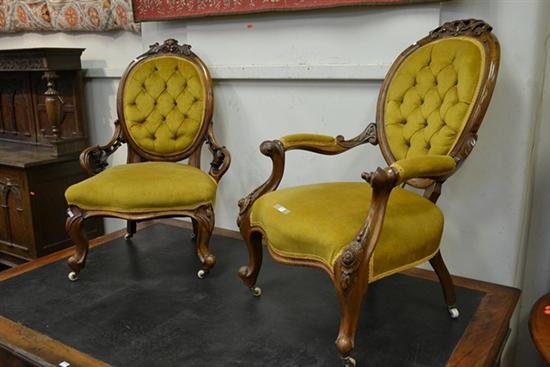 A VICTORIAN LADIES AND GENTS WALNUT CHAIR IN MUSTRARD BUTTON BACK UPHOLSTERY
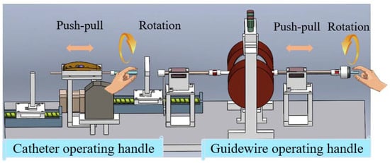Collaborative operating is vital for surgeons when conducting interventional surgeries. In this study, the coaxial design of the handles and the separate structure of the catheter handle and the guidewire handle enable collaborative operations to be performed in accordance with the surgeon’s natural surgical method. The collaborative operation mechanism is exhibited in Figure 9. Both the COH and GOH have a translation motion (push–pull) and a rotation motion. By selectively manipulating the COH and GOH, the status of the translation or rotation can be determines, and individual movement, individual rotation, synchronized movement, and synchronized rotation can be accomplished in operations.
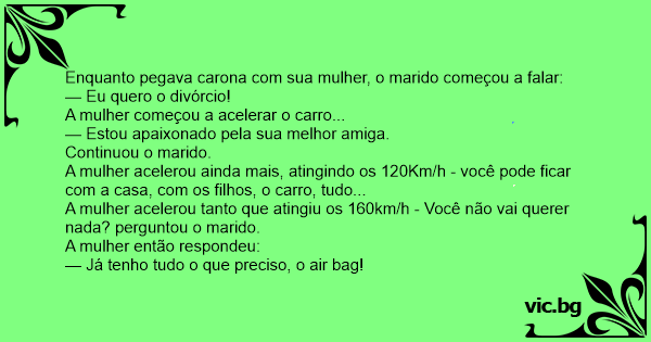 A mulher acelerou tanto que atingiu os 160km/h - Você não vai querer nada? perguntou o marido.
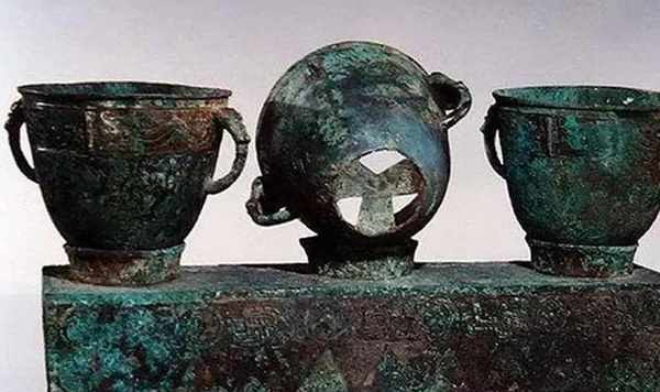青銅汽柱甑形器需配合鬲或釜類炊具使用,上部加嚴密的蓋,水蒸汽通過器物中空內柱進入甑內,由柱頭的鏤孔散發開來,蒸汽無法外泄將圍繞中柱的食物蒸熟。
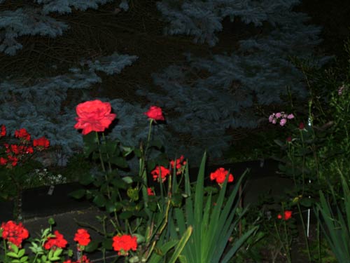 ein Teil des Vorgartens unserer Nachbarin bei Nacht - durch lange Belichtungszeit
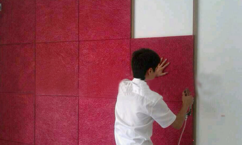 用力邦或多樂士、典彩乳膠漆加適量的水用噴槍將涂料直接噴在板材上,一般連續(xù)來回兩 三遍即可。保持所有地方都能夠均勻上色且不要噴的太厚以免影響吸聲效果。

■ ■ ■ ■ ■

→ **WORK ORDER**
Please reproduce every record exactly, leaving the pictures out.

→ **COMPLETED EXERCISE**
 A VICTORIAN LADIES AND GENTS WALNUT CHAIR IN MUSTRARD BUTTON BACK UPHOLSTERY
Collaborative operating is vital for surgeons when conducting interventional surgeries. In this study, the coaxial design of the handles and the separate structure of the catheter handle and the guidewire handle enable collaborative operations to be performed in accordance with the surgeon’s natural surgical method. The collaborative operation mechanism is exhibited in Figure 9. Both the COH and GOH have a translation motion (push–pull) and a rotation motion. By selectively manipulating the COH and GOH, the status of the translation or rotation can be determines, and individual movement, individual rotation, synchronized movement, and synchronized rotation can be accomplished in operations.
 A mulher acelerou tanto que atingiu os 160km/h - Você não vai querer nada? perguntou o marido.
青銅汽柱甑形器需配合鬲或釜類炊具使用,上部加嚴密的蓋,水蒸汽通過器物中空內柱進入甑內,由柱頭的鏤孔散發開來,蒸汽無法外泄將圍繞中柱的食物蒸熟。
 ein Teil des Vorgartens unserer Nachbarin bei Nacht - durch lange Belichtungszeit
 用力邦或多樂士、典彩乳膠漆加適量的水用噴槍將涂料直接噴在板材上,一般連續(xù)來回兩 三遍即可。保持所有地方都能夠均勻上色且不要噴的太厚以免影響吸聲效果。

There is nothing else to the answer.